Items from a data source

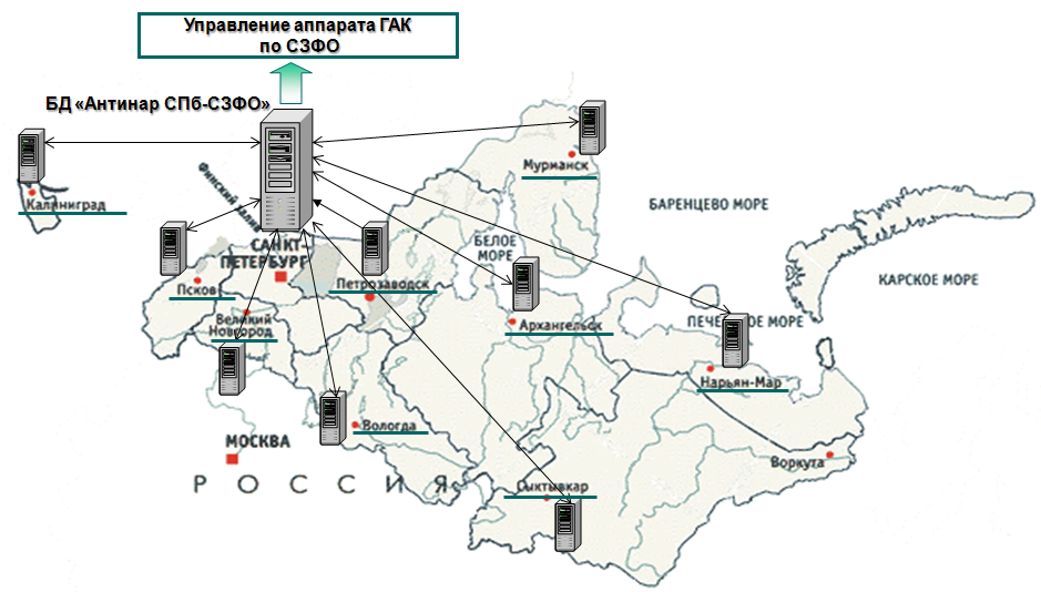 На основе программно-технических средств АИС «Антинар СПб» имеется возможность организовать функционирование единой базы данных по вопросам наркоситуации в субъектах СЗФО в интересах Управления аппарата ГАК по СЗФО. С этой целью необходимо:
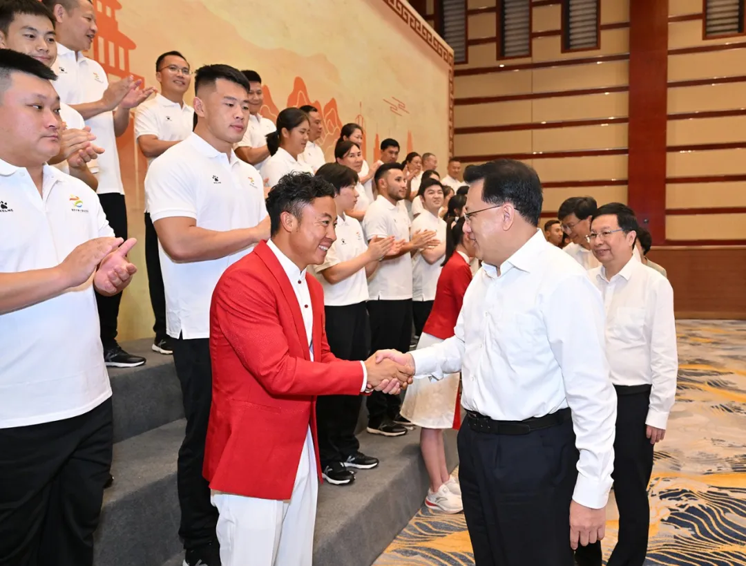 市委书记袁家军等同参加巴黎奥运会的重庆运动员和体育工作者代表亲切握手。记者 刘力 摄/视觉重庆
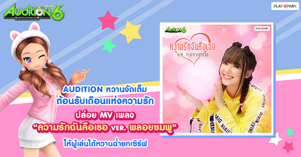 AUDITION เกมแดนซ์ออนไลน์สุดฮิตอันดับ 1 ของเมืองไทย จาก PlayPark.com ขอเพิ่มดีกรีความหวานในเดือนแห่งความรัก ด้วย MV เพลง “ความรักฉันคือเธอ” เวอร์ชั่นใหม่ล่าสุด โดยได้ศิลปินสาวมากความสามารถ การันตีความฮอตด้วยยอดชมร้อยล้านวิวอย่าง “พลอยชมพู (Jannine Weigel)” มาปล่อยพลังเสียง และร่วมเล่น MV เพิ่มดีกรีให้ MV นี้เต็มไปด้วยความหวาน ความสดใส รับรองว่าชม MV กี่ครั้ง ฟังเพลงกี่หน ก็ยังฟินนนน~ สำหรับเพื่อนๆ คนไหนที่พลาดยังไม่ได้ชมสามารถคลิกชมได้เลย
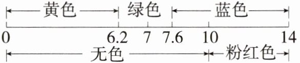 )A指示剂在不同pH溶液中的颜色
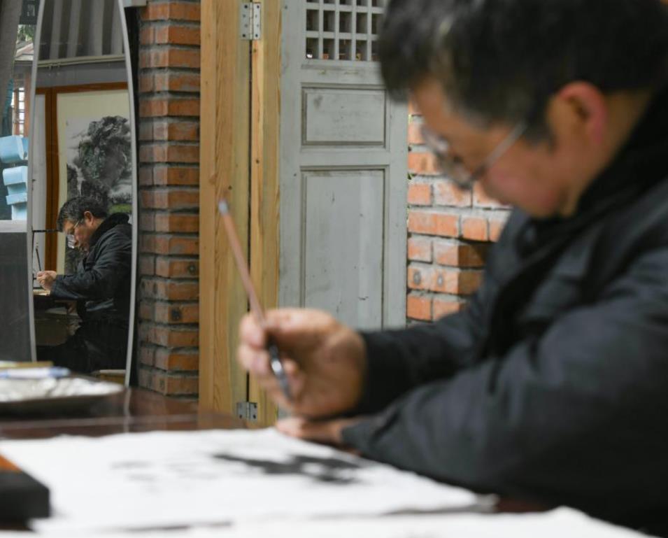 3月6日,崇州皮影戏非物质文化遗产传承人杨勇在绘制“熊猫抱竹”设计草图。
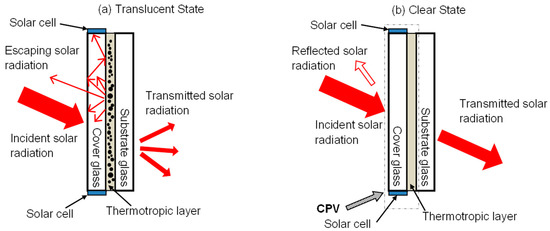 Recently, an innovative design of a Concentrating PV (CPV) smart window system has been proposed to integrate renewable energy technologies and energy savings technologies into current window systems [11,12], as shown in Figure 1. The CPV design involves optically coupling PV cells around the edges of a glazing unit with a thermotropic layer laminated within. Above a certain threshold temperature, the thermotropic layer is thermally activated to scatter light within the glazing unit directing a high proportion of this scattered light via total internal reflection toward the solar cells. Below the designed threshold temperature/transition temperature (Ts), the thermotropic material (e.g., polymer) is water-soluble and therefore the layer appears transparent as shown in Figure 1b. Above the threshold Ts the water and polymer components separate and the thermotropic layer becomes translucent with a diffuse reflectivity, which is ascribed to the soluble-to-insoluble phase transition of the thermotropic material. The relatively high reflectivity induced by this thermotropic layer leads to scattering of the majority of incoming sunlight, which, when harvested by the integrated solar cells, results in the generation of renewably sourced electricity [11,12], as shown in Figure 1a.
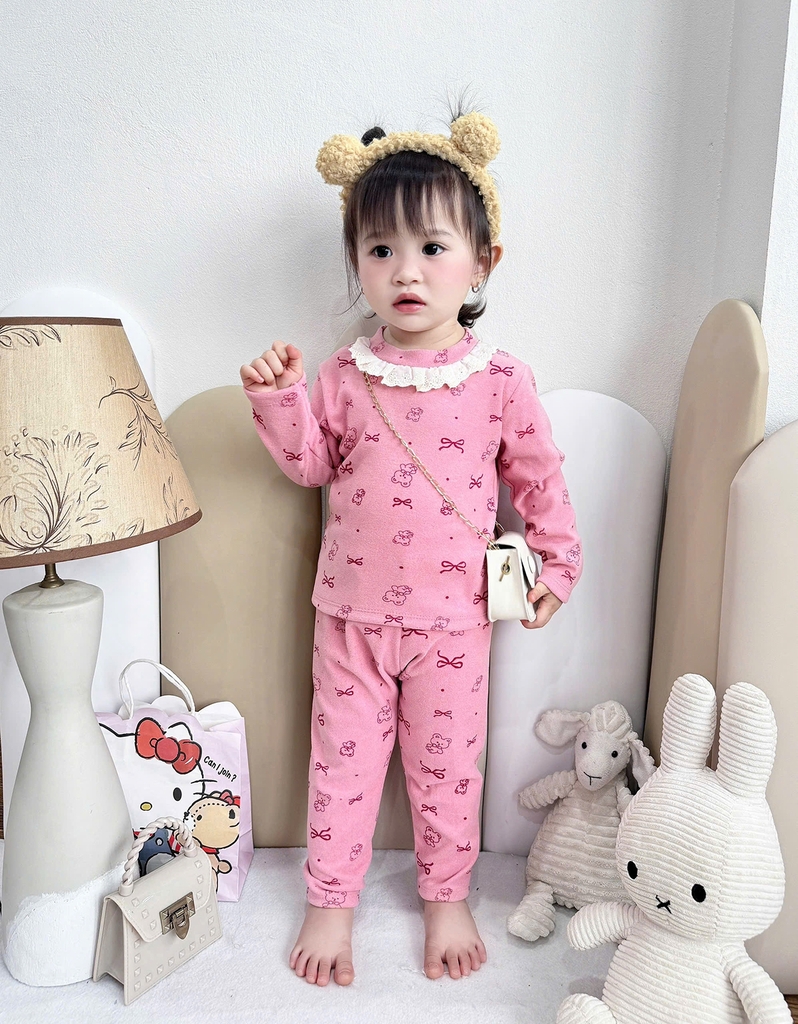 Bộ dài zip lông cổ ren điệu đà, ấm áp
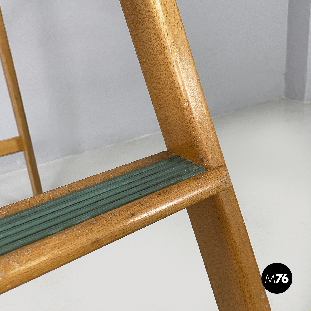 Scala apribile interamente in legno di faggio. Gli scalini presentano i borsi arrotondati e gli interni in legno verniciato verde. La struttura è a listelli.
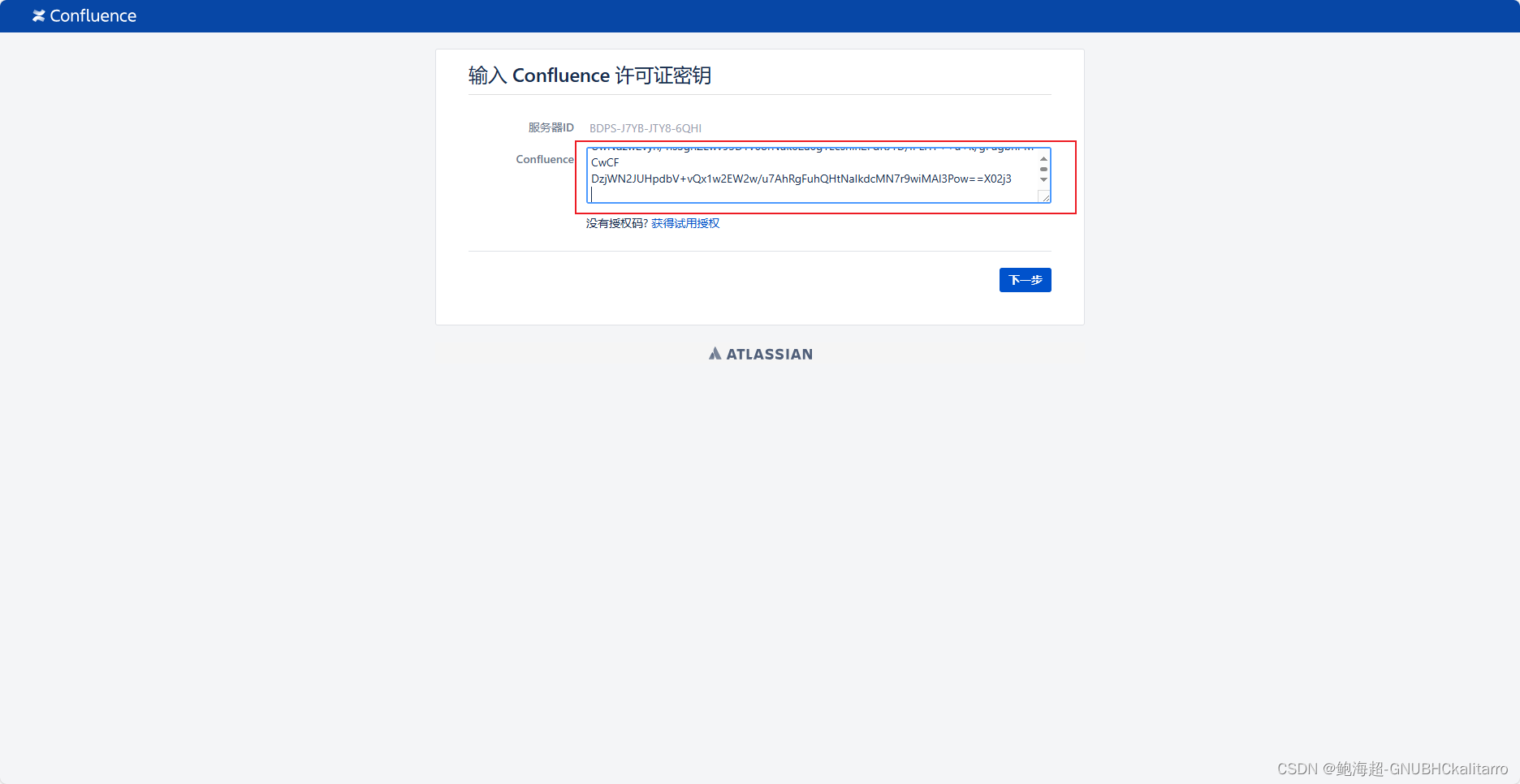 !Bm 然后复制这个密码,输入密码时候不会有任何字符提示,这是一直保护方式 可以进来就行,然后再去修改他的密码 先退出一下mysqld 在[mysqld]下面加入这四行 重启一下mysqld,然后再次进入mysql数据库 再次输入刚刚找到哪些密码!Bm 进入到mysql之后就输入下面这些sql语句,都是mysql里的语句这里不做过多的介绍了,如果想知道请自行搜索 没有报错的就行了 退出数据库 回到刚刚四个包所在的位置 按o回车 按i回车 按y回车 使用浏览器去访问 ip:8090 这里记录下来你的服务器id,我们的id都是不一样的 然后回到服务器关闭服务,然后获取key 关闭了服务 获取key就要使用到atlassian-agent-v1.3.1.zip了 在该文件最后一行添加内容 然后使用命令 BDPS-J7YB-JTY8-6QHI是我的服务器id在命令末尾,你把我的这个换成你的 然后这个就是key 接着就能开启confluence了 把密钥服务进来 当我们选择了mysql发现用不了因为还没有安装mysql引擎 放入引擎 重启服务 这次就可以选择了mysql了 主机就是你服务器的ip,端口默认3306 数据库名称,用户名,密码都是confluence 点击测试连接 成功以后再下一步 在这配置你的用户 开始 mysql -uroot -p

◆ What to do: Between and including the line with "AUDITION เกมแดนซ์ออนไลน์สุดฮิตอันดับ 1" and the line with "Scala apribile interamente", repeat every line exactly as it appears above, with pictures left out.

◆ Result below:
 AUDITION เกมแดนซ์ออนไลน์สุดฮิตอันดับ 1 ของเมืองไทย จาก PlayPark.com ขอเพิ่มดีกรีความหวานในเดือนแห่งความรัก ด้วย MV เพลง “ความรักฉันคือเธอ” เวอร์ชั่นใหม่ล่าสุด โดยได้ศิลปินสาวมากความสามารถ การันตีความฮอตด้วยยอดชมร้อยล้านวิวอย่าง “พลอยชมพู (Jannine Weigel)” มาปล่อยพลังเสียง และร่วมเล่น MV เพิ่มดีกรีให้ MV นี้เต็มไปด้วยความหวาน ความสดใส รับรองว่าชม MV กี่ครั้ง ฟังเพลงกี่หน ก็ยังฟินนนน~ สำหรับเพื่อนๆ คนไหนที่พลาดยังไม่ได้ชมสามารถคลิกชมได้เลย
 )A指示剂在不同pH溶液中的颜色
 3月6日,崇州皮影戏非物质文化遗产传承人杨勇在绘制“熊猫抱竹”设计草图。
 Recently, an innovative design of a Concentrating PV (CPV) smart window system has been proposed to integrate renewable energy technologies and energy savings technologies into current window systems [11,12], as shown in Figure 1. The CPV design involves optically coupling PV cells around the edges of a glazing unit with a thermotropic layer laminated within. Above a certain threshold temperature, the thermotropic layer is thermally activated to scatter light within the glazing unit directing a high proportion of this scattered light via total internal reflection toward the solar cells. Below the designed threshold temperature/transition temperature (Ts), the thermotropic material (e.g., polymer) is water-soluble and therefore the layer appears transparent as shown in Figure 1b. Above the threshold Ts the water and polymer components separate and the thermotropic layer becomes translucent with a diffuse reflectivity, which is ascribed to the soluble-to-insoluble phase transition of the thermotropic material. The relatively high reflectivity induced by this thermotropic layer leads to scattering of the majority of incoming sunlight, which, when harvested by the integrated solar cells, results in the generation of renewably sourced electricity [11,12], as shown in Figure 1a.
 Bộ dài zip lông cổ ren điệu đà, ấm áp
 Scala apribile interamente in legno di faggio. Gli scalini presentano i borsi arrotondati e gli interni in legno verniciato verde. La struttura è a listelli.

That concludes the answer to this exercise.